Unnamed: 0,dataID,relationship,first_session_dialogue,generate_dialogue,question
0,episode-15761,Neighbors,"[Hi there, how are you doing today?, Hi. I'm d...",,
1,episode-15776,Co-workers,"[Hey, B. Can I talk to you about something per...",,
2,episode-15784,Parent and Child,[I'm so sick of having to take out the trash e...,,
3,episode-15787,Classmates,"[Hey there, Classmates B! What's up?
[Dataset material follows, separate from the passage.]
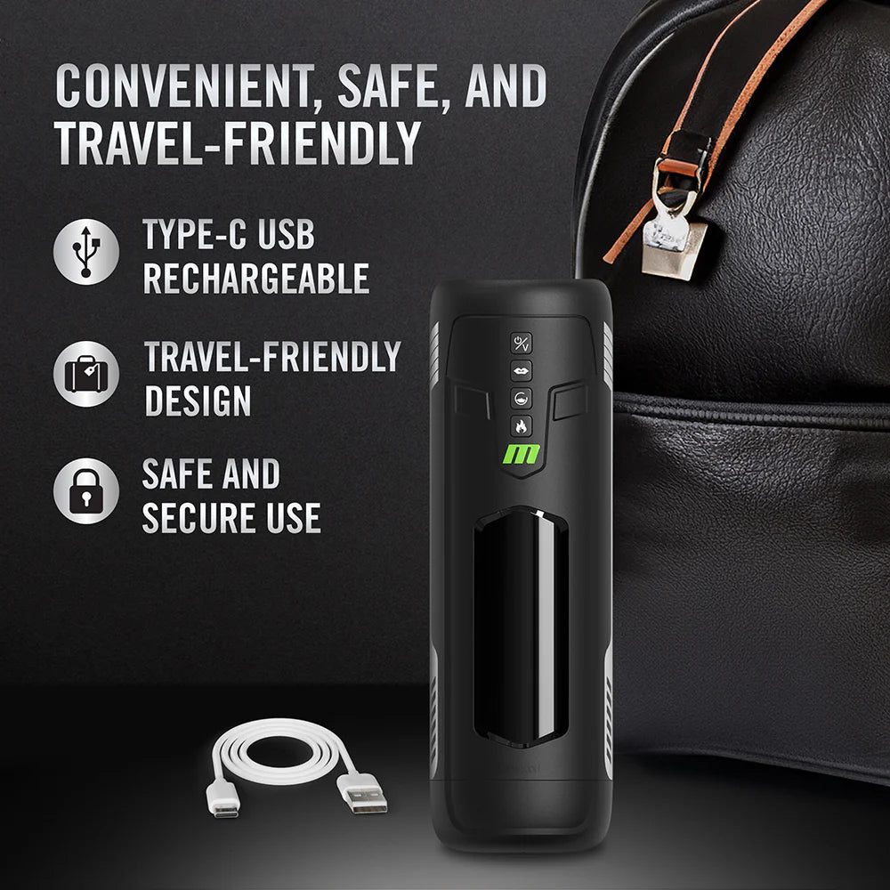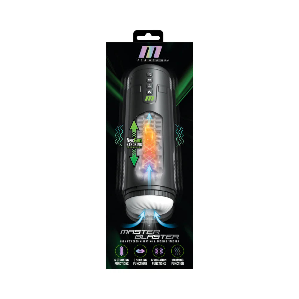 Your King of Strokers is here. The M For Men Master Blaster is in a class of its own. This futuristic, automatic male masturbator showcases a discreet and durable design, with a protective cover that keeps your masturbator protected and easy to maintain. It comes fully loaded with 4 innovative features, offering a highly customizable stroking experience that's ready to meet all your demands. Amp up the power with 6 dynamic vibrating, stroking, and sucking modes that engulf your shaft with waves of mind-blowing sensations. Cutting edge suction technology simulates a realistic oral experience, allowing you to feel every inch of the soft and textured inner chamber. The deluxe warming feature heats up your desires, offering extra stimulation for a uniquely immersive experience. With a USB-C charger included, enjoy up to 60 minutes of power on a full charge. Get ready to transcend to a new age of stroking pleasure with the Master Blaster. All hail to the king!
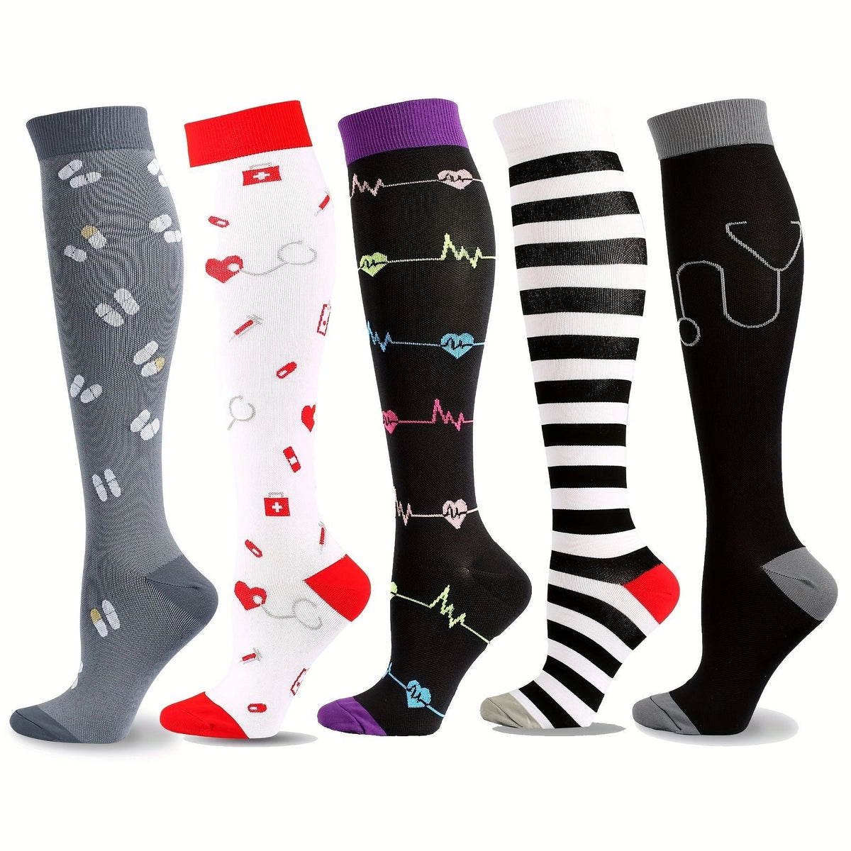 ROYALUCK 5 Pairs Medical Compression Socks for Men and Women - S/M

Why are y...",,
4,episode-15790,Husband and Wife,"[Hey, how's your day going so far?, It's going...",,


In [3]:
len(question_df)

20000

Generate 500 data

In [4]:
import json
import re

for row in range(500):
    dialog = []
    charact = ['user', 'assistant']
    for i, log in enumerate(question_df['first_session_dialogue'][row]):
        dialog.append(f"{charact[i%2]}:{log}")
    question_df.loc[row, 'generate_dialogue'] = str(dialog)
    p = generate_question_prompt.format(chat_logs=dialog)
    res = llm_create(p)
    res_dict = json.loads(re.search(r"```json(.*?)```", res, re.DOTALL).group(1).strip())
    question_df.loc[row, 'question'] = str(res_dict)

In [5]:
question_df.head()

Unnamed: 0,dataID,relationship,first_session_dialogue,generate_dialogue,question
0,episode-15761,Neighbors,"[Hi there, how are you doing today?, Hi. I'm d...","['user:Hi there, how are you doing today?', ""a...",{'user': 'Can you remind me what you said yest...
1,episode-15776,Co-workers,"[Hey, B. Can I talk to you about something per...","['user:Hey, B. Can I talk to you about somethi...",{'user': 'What did I say I wanted to focus on ...
2,episode-15784,Parent and Child,[I'm so sick of having to take out the trash e...,"[""user:I'm so sick of having to take out the t...",{'user': 'What did I say about feeling sick of...
3,episode-15787,Classmates,"[Hey there, Classmates B! What's up? Why are y...","[""user:Hey there, Classmates B! What's up? Why...",{'user': 'What did I say that made you feel un...
4,episode-15790,Husband and Wife,"[Hey, how's your day going so far?, It's going...","[""user:Hey, how's your day going so far?"", ""as...",{'user': 'What did I promise to take care of w...


In [6]:
question_df['question'][0]

"{'user': 'Can you remind me what you said yesterday about the time my car got stuck in the snow?', 'assistant': 'I mentioned that I was really grateful you were there to help me dig it out.'}"

In [7]:
for log in eval(question_df['generate_dialogue'][0]):
    print(log)

user:Hi there, how are you doing today?
assistant:Hi. I'm doing good, thanks for asking. How about you?
user:I'm feeling great actually, especially after helping you carry your groceries to your car yesterday.
assistant:Oh yes, thank you so much for helping me out! It was so kind of you.
user:It was my pleasure. It felt good to be able to help you. We are neighbors after all.
assistant:Absolutely! I really appreciate your kindness. If you ever need any help with anything, don't hesitate to ask.
user:I appreciate that. I'm always here to lend a helping hand if you need it too.
assistant:That's great to hear. You know, it reminds me of the time when my car got stuck in the snow and you helped me dig it out.
user:Oh yeah, I remember that. It was quite the winter storm that day.
assistant:It definitely was. But I was so grateful that you were there to help. You're a great neighbor.
user:Thank you, I try my best. It's nice to know we can count on each other in times of need.
assistant:Absol

In [8]:
question_df.to_json("question_sets.json", orient="records", lines=True)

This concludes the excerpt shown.